FIRST DISCUSSION AND VOTE IN THE U. S. SENATE — 1887.

Although the Senate Select Committee on Woman Suffrage had reported several times in favor of a Sixteenth Amendment to the Federal Constitution which should prohibit disfranchisement on account of sex, and although Thomas W. Palmer, in 1885, had delivered a speech on the question in the Senate, it never had been brought to a discussion and vote.[1] Urged by the members of the National Association, and by his own strong convictions as to the justice of the cause, Senator Henry W. Blair (N. H.), on Dec. 8, 1886, called up the following, which he had reported for the majority of the committee on February 2 of that year:

joint resolution proposing an amendment to the constitution of the united states extending the right of suffrage to women.
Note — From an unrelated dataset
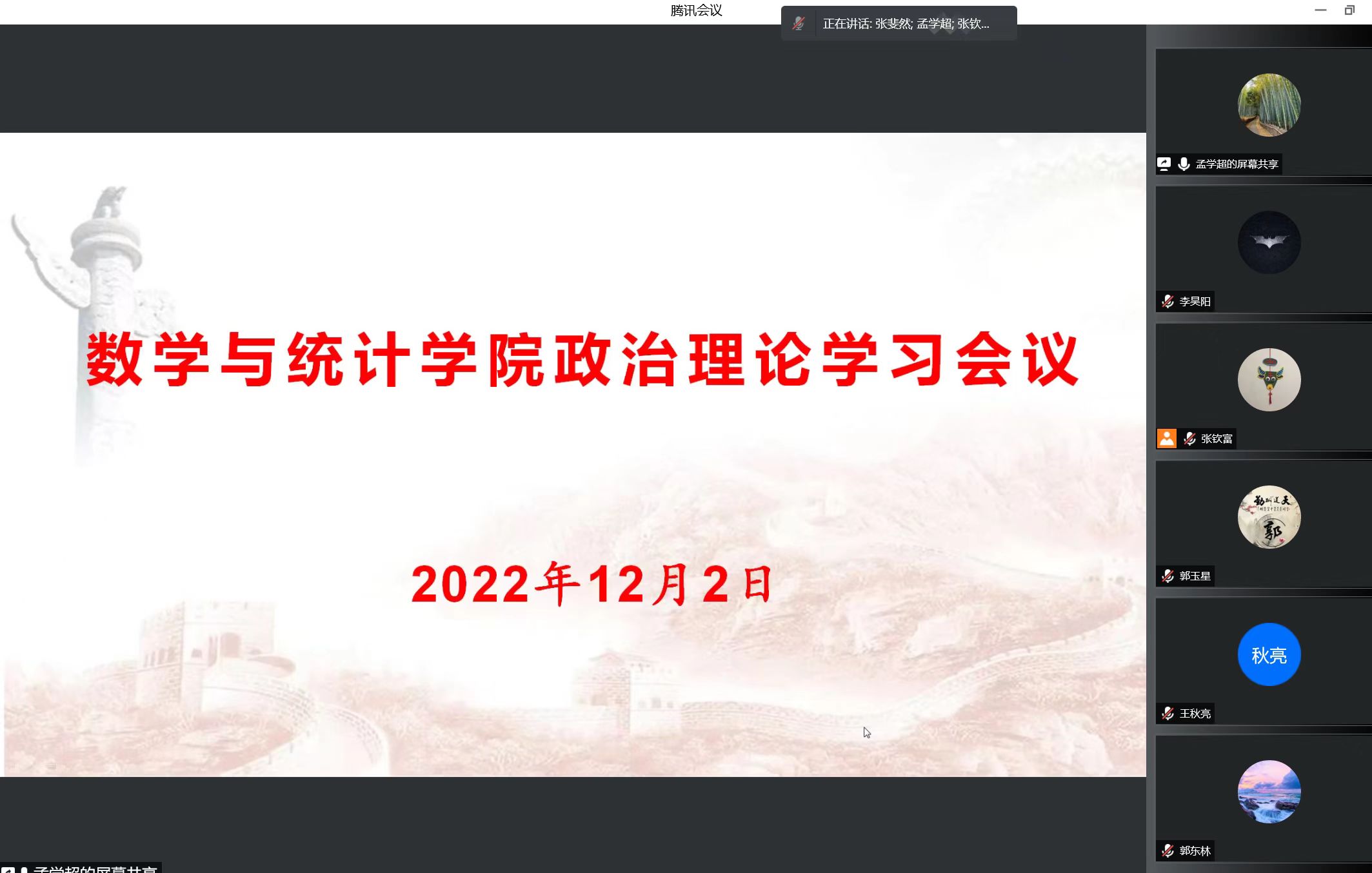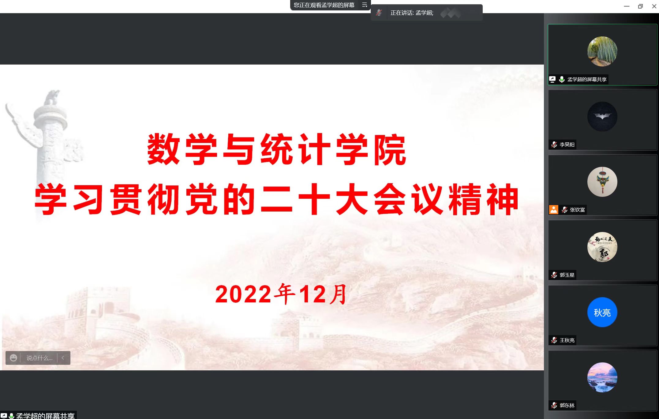 2022年12月2日,欧美一级婬片AA片免费召开全体教职工政治理论学习会议,学院领导班子、全体教职工通过腾讯会议在线上参加了此次会议,会议由院长张斐然主持。

Resolved by the Senate and House of Representatives of the United States of America in Congress assembled (two-thirds of each House concurring therein), That the following article be proposed to the Legislatures of the several States as an amendment to the Constitution of the United States; which, when ratified by three-fourths of the said Legislatures, shall be valid as part of said Constitution, namely:

Section 1. The right of citizens of the United States to vote shall not be denied or abridged by the United States or by any State on account of sex.

Section 2. The Congress shall have power, by appropriate legislation, to enforce the provisions of this article.

Senator Blair supported this resolution in a long and com-

  1. The only time the direct question of woman suffrage ever had been discussed and voted on in the U. S. Senate was in December, 1866, on the Bill to Regulate the Franchise for the District of Columbia History of Woman Suffrage, Vol. II, p. 102; and in May, 1874, on the Bill to Establish the Territory of Pembina the same, p. 545; but these were entirely distinct from the submission of a constitutional amendment.